From: "Hart, Geoff" <Geoff-H -at- MTL -dot- FERIC -dot- CA>
To: "TECHWR-L" <techwr-l -at- lists -dot- raycomm -dot- com>
Date: Wed, 12 Nov 2003 08:24:13 -0500


Rob Partridge reports: <<A little more information... Printing was slow on
several separate systems, so I'm not sure it's a driver issue, but obviously
it could be several separate driver issues. I checked the print as it
spooled, and the problem is clear in the size of the spooled doc. With
gridlines it is 86Mb, without it is 1.37Mb. No wonder it is taking so long
to print. My client wants a word doc and pdf won't do.>>

No idea why Word is being such a bear about the gridlines. It seems very odd
that these are amounting to an additional 80+ Meg of file size. I've never
seen that before. Anyway, as the saying goes, "Word happens". One good
preliminary solution would be to minimize the number of gridlines you're
using in the table. There are lots of ways to do this. For example, use
blank rows to separate rows of data rather than using a gridline. Use cell
shading or font underlining rather than underlining the entire row of cells
to define the headings. In short, be a little creative with white space,
color, and font features.

If that won't work, perhaps you could kludge a solution to the problem?
Instead of relying on Word's gridlines, build the table so that you have
blank rows wherever you want to insert a gridline. Then insert a graphic of
a line (probably in EPS format). You'll need at least two such graphics: a
horizontal line that spans the width of the table, and a vertical line to
form the left and right borders.
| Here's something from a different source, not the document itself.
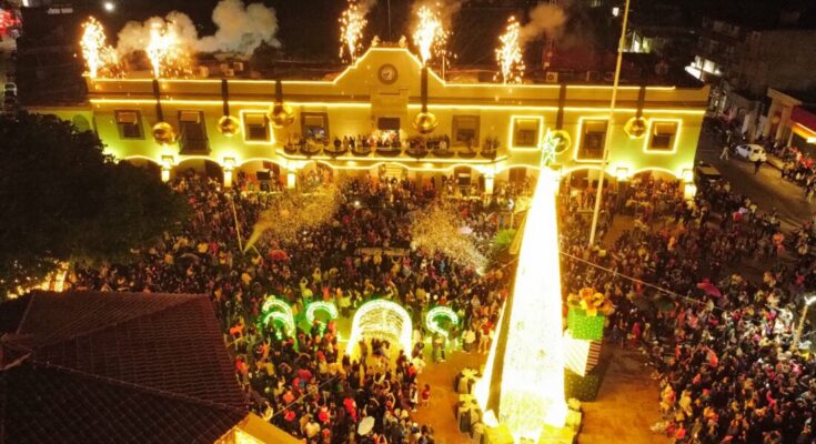 CIUDAD VALLES, S.L.P. – El Presidente Municipal David Armando Medina Salazar, en compañía de su esposa y Presidenta del Sistema Municipal DIF, Ena Avendaño Uscanga, y de su hija María Fernanda Medina Avendaño, realizó la noche de este viernes el encendido del pino navideño ante la presencia de miles de familias que se reunieron en la plaza principal.

You'll have to format the cells to the
exact pixel dimensions of the graphic so that the lines line up. (Open the
table menu and select "Cell Height and Width" to numerically specify row and
column dimensions.)

These graphics might take up far less RAM than Word's gridlines, and if you
link to the graphic rather than embedding it, this will work even more
effectively. Unfortunately, you then have to ship the graphics with the Word
file and teach your client to use that solution. Not the best idea.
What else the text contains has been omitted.